In 1969, Mrs. Douglas spearheaded The Friends of the Everglades, a conservation organization of 5,000 members, a testament to the importance of the Everglades. Membership still costs only one dollar a year. The biggest honor the physically small woman received during her lifetime was this: in December 1997, a 1.3 million-acre wilderness area in the Everglades was dedicated in her name on the Park’s fiftieth anniversary.
The Everglades in South Florida is one of the most magnificent parcels of land and water in the United States. It’s hot, humid and romantic. Thousands of species of birds, reptiles, mammals, insects, fish and flowers inhabit this semi-tropical southernmost tip of the mainland. Just a few are egrets, herons, black bears, white-tailed deer, Florida panthers, palm trees, skinks, alligators and a variety of sea turtles. Originally more than 4,000 square miles, the Everglades today has shrunk to less than half this size as a result of extensive drainage, over-construction and pollution. In late 1998, a comprehensive restoration plan began in an effort between the Army Corps of Engineers and the South Florida Water Management District. But if it wasn’t for this indefatigable woman–a writer and environmentalist–who fell in love with this “river of grass” in the early part of the century, the Everglades might not be in existence at all.

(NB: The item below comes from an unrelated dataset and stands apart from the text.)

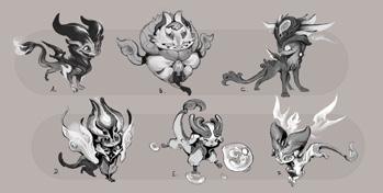 Diferentes posibles diseños en la creación de Smolder. El primero fue el que después desarrollarían.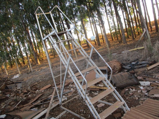 1 ESCADA DE ALUMINIO, 1 CX D AGUA 155LTS, 1 CAPOTA E 1 TOLDO, LOC. JATAI

Mrs. Douglas was born in 1890 in Minnesota but was a Floridian at heart. When she was about four, her parents took her to New Orleans and on to Tampa and Havana. Her first memory of Florida was “being held up to pick an orange off of an orange tree in the gardens of the Tampa Bay Hotel…It’s there 100 years later, a college now, still complete with its turrets and towers,” she writes in her autobiography, Voice of the River. Although she lived up north for several years, after a short marriage to a man she termed “a crook,” she moved to Florida in 1915 to begin writing for her father’s Miami Herald . She never remarried and never left. She lived in the same small cottage in Coconut Grove in Miami for more than 70 years. This tiny house, with no driveway and no stove, is now being converted to a museum, following her death at 108 years-old.

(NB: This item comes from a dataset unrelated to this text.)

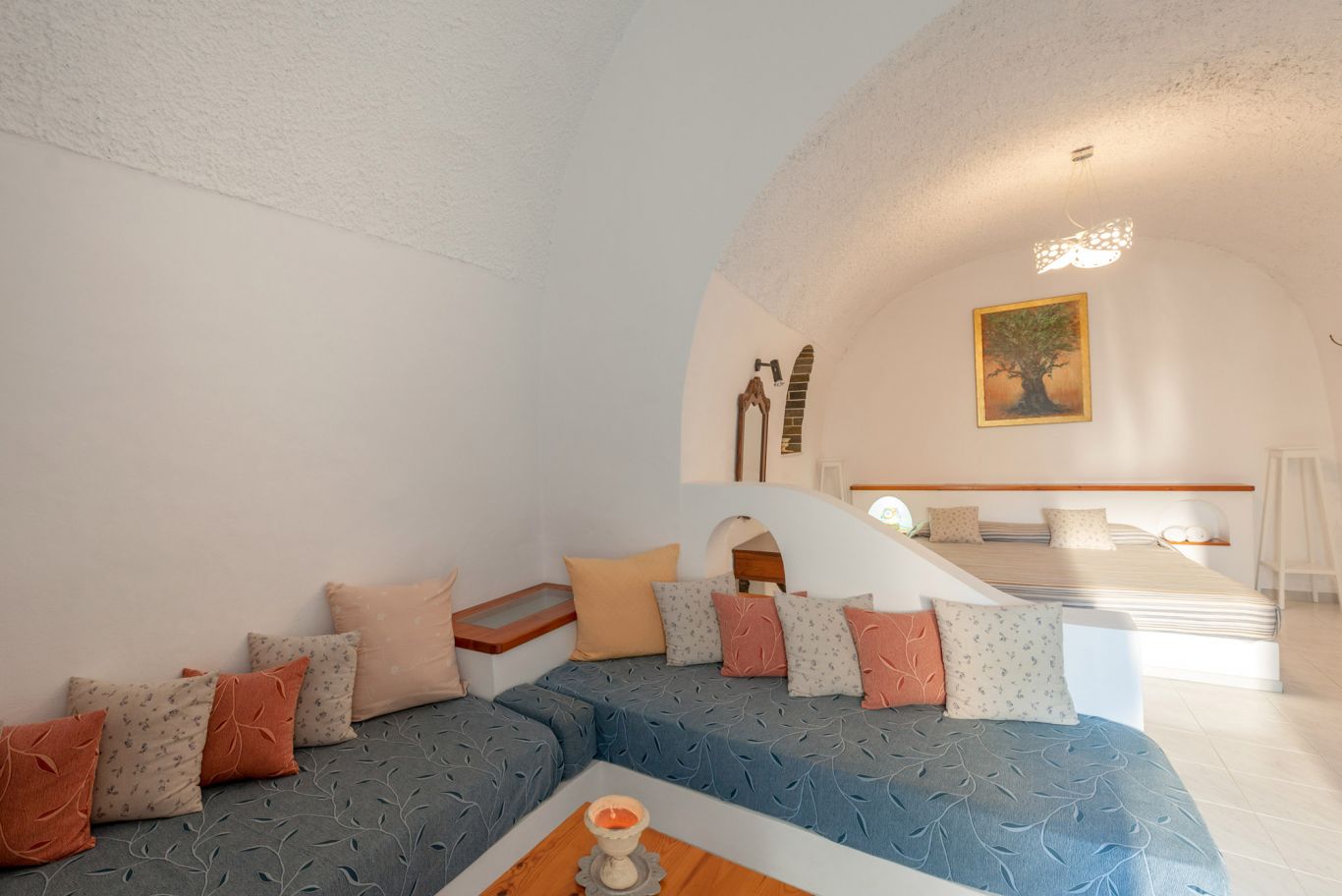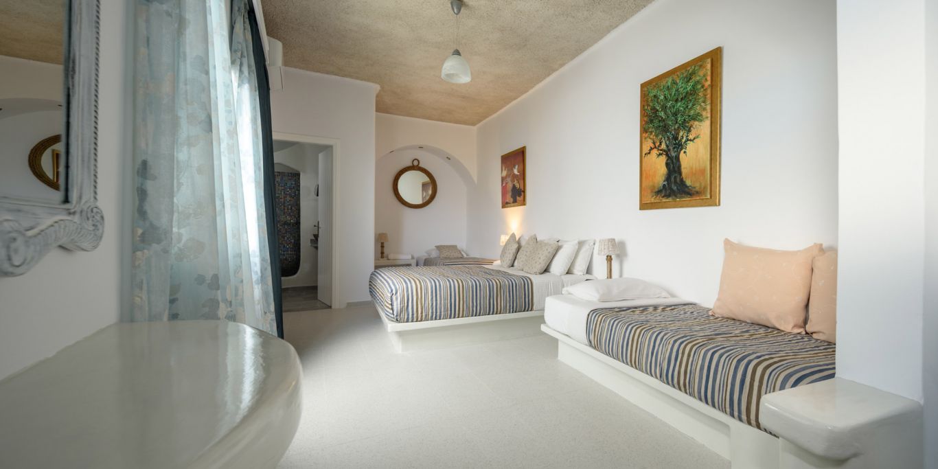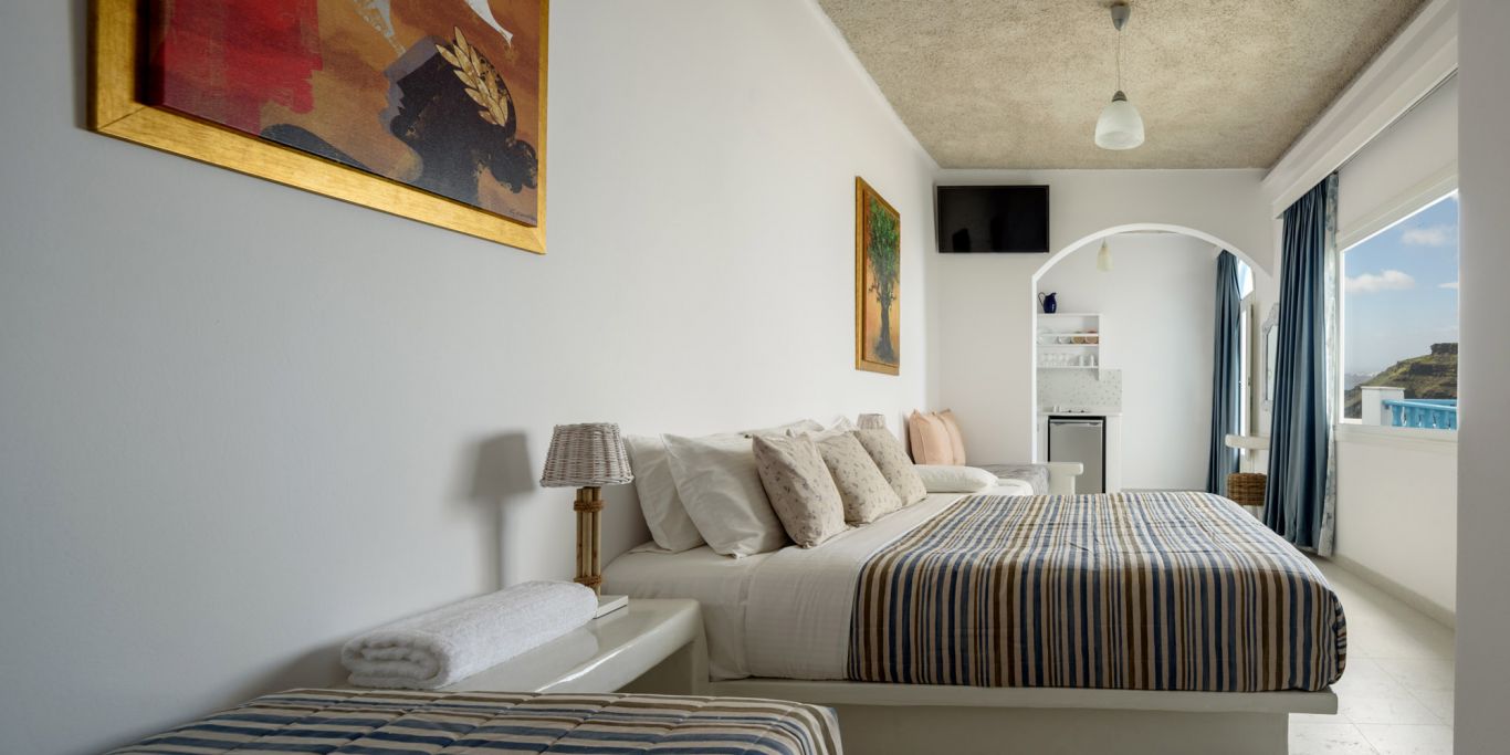 Хотелът предлага кафе-бар с тераса и гледка към калдерата на Санторини.

Although protecting the Everglades was her main passion, Mrs. Douglas always worked for a variety of causes. She was an early suffragist and promoted civil rights. In the Miami area, she worked to improve housing and bathroom facilities for her black neighbors, and she started a Baby Milk Fund for families who couldn’t afford milk.
Besides the two aforementioned books, a few other Douglas titles include White Midnight, a novella about sunken treasures in the West Indies; The Joys of Bird Watching in Florida; Florida, The Long Frontier— about Florida, the Civil War and the native Indians; and a collection of short stories, Nine Florida Stories by Marjory Stoneman Douglas. The latter take place in the first part of the century in Miami, the Everglades and the Keys, and often center around the theme of protecting the ecosystem and its animal and bird life. Aside from the land itself, Mrs. Douglas was especially drawn to the endangered Florida panther and to ibises. She wrote about the latter in Plumes, a short story about early hunters who threatened this species because of the demand for feathers from the millinery trade.

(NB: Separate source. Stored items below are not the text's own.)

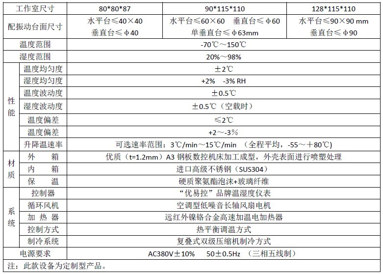 溫濕度振動(dòng)三綜合試驗(yàn)機(jī)主體部分:主體外殼采用優(yōu)質(zhì)A3鋼板并且經(jīng)過噴塑處理,內(nèi)膽采用SUS高級(jí)不銹鋼鏡面板保溫介質(zhì)為超細(xì)玻璃棉;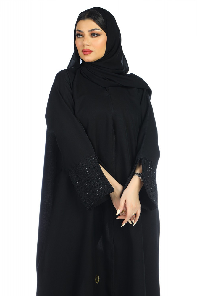 • التطريز : تطريز اسود مع كرستال اسود في الكم
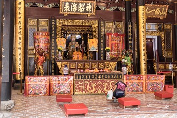 A temple was first built on this location in 1821, and like many important Chinese temples in the old Straits Settlements, it celebrates a Chinese sea goddess and was worshipped by the seafarers. The Thian Hock Keng Temple is the oldest and most important Hokkien temple in Singapore. There is a smaller shrine at the back dedicated to Guanyin, the Goddess of Mercy. Also at the back you can find display panels explaining the significance of the various stone carvings in this temple.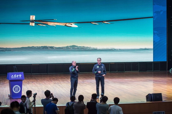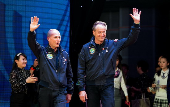 3月31日,“阳光动力”2号飞行员安德烈·博尔施伯格(右)与飞行员贝特朗·皮卡尔向在场学生挥手致意。新华社记者 刘潺 摄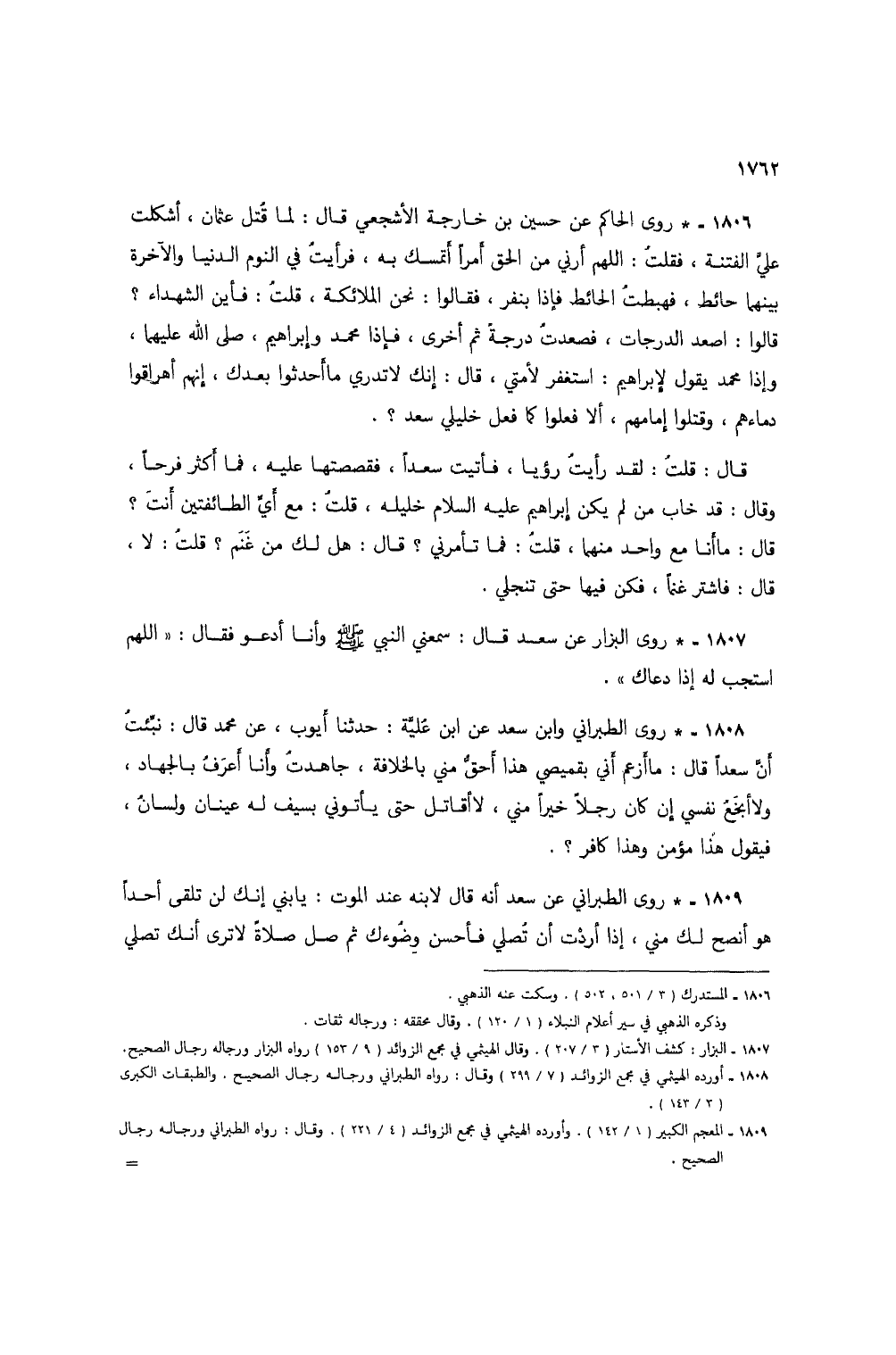 1808 - * روى الطبراني وابن سعد عن ابن عُليّة: حدثنا أَيوب، عن محمد قال: نبّتُ أَنّ سعداً قال: ما أَزعم أَني بقميصي هذا أَحقُ مني بالخلافة، جاهدتُ وأَنا أَعترفُ بالجهاد، ولا أبخَعُ نفسي إن كان رجلاً خيراً مني، لا أقاتل حتى يأتوني بسيف له عينان ولسانُ، فيقول هُذا مؤمن وهذا كافر؟.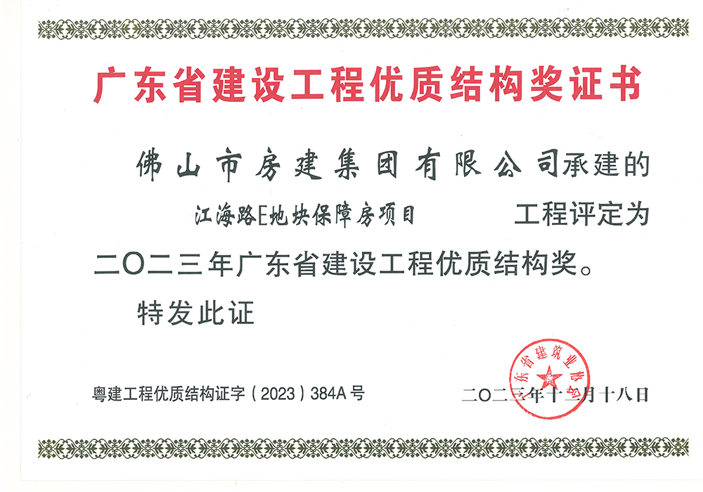 廣東省建設(shè)工程優(yōu)質(zhì)結(jié)構(gòu)獎(jiǎng)

Marjory Stoneman Douglas died in 1998, but you can visit the Everglades or you can soon visit her home or an adjacent Mediterranean-style house which will house an environmental education and research center. You can find several of her books in all South Florida bookstores (and in many nation-wide).
Marjory Stoneman Douglas was not only one of the best writers of the century, but she was one of the most passionate. One of my heroines, Mrs. Douglas will live on, not only through her books, but through the fruits of her passion. She was proof that one voice can make a difference.